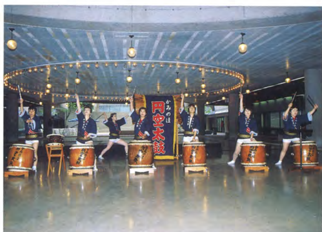
かみのほ円空太鼓
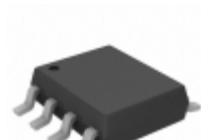
TC7WHU04FU(TE12L) Toshiba Semiconductor and Storage IC INVERTER TRIPLE 8-SSOP
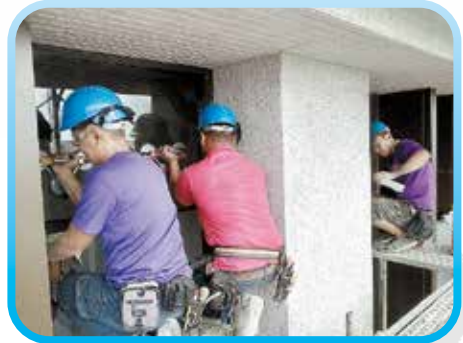
▲ 五樓帷幕玻璃安裝
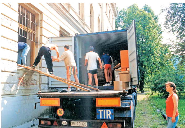
Praznjenje zabojnika v Zavodu sv. Stanislava

Naročila: tel.: 01/360-28-28 www.druzina.si
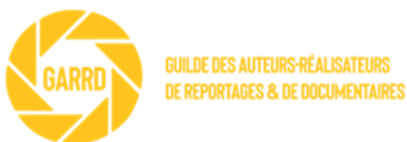
Guilde des auteurs-realiseurs de reportages & de documentaires - France
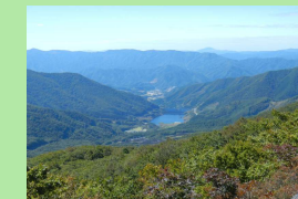
五葉山自然観察教育林
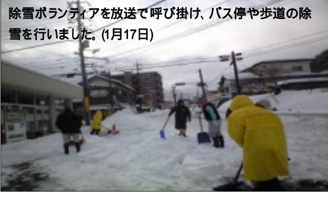
除雪ボランティアを放送で呼び掛け、バス停や歩道の除雪を行いました。(1月17日)
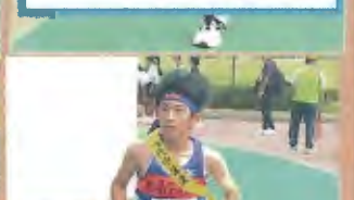
4区 (1年) 上級生を脅かす堂々とした走り、チームに貢献しました。
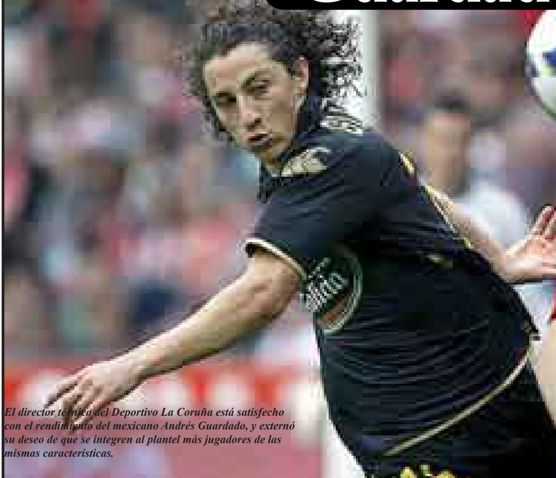
El director técnico del Deportivo La Coruña está satisfecho con el rendimiento del mexicano Andrés Guardado, y externó su deseo de que se integren al plantel más jugadores de las mismas características.

LA CORUÑA, 24 de febrero.- El director técnico de Deportivo La Coruña, Miguel Ángel Lotina, externó su deseo de que se pueda encontrar a más jugadores de las características del mediocampista mexicano Andrés Guardado, quien provocó ilusión entre los aficionados desde su llegada al club en 2007.

:::

ASSIGNMENT:
Find every line in the records that uses the string "externó", then copy it.

RESPONSE TO THIS EXERCISE:
El director técnico del Deportivo La Coruña está satisfecho con el rendimiento del mexicano Andrés Guardado, y externó su deseo de que se integren al plantel más jugadores de las mismas características.
LA CORUÑA, 24 de febrero.- El director técnico de Deportivo La Coruña, Miguel Ángel Lotina, externó su deseo de que se pueda encontrar a más jugadores de las características del mediocampista mexicano Andrés Guardado, quien provocó ilusión entre los aficionados desde su llegada al club en 2007.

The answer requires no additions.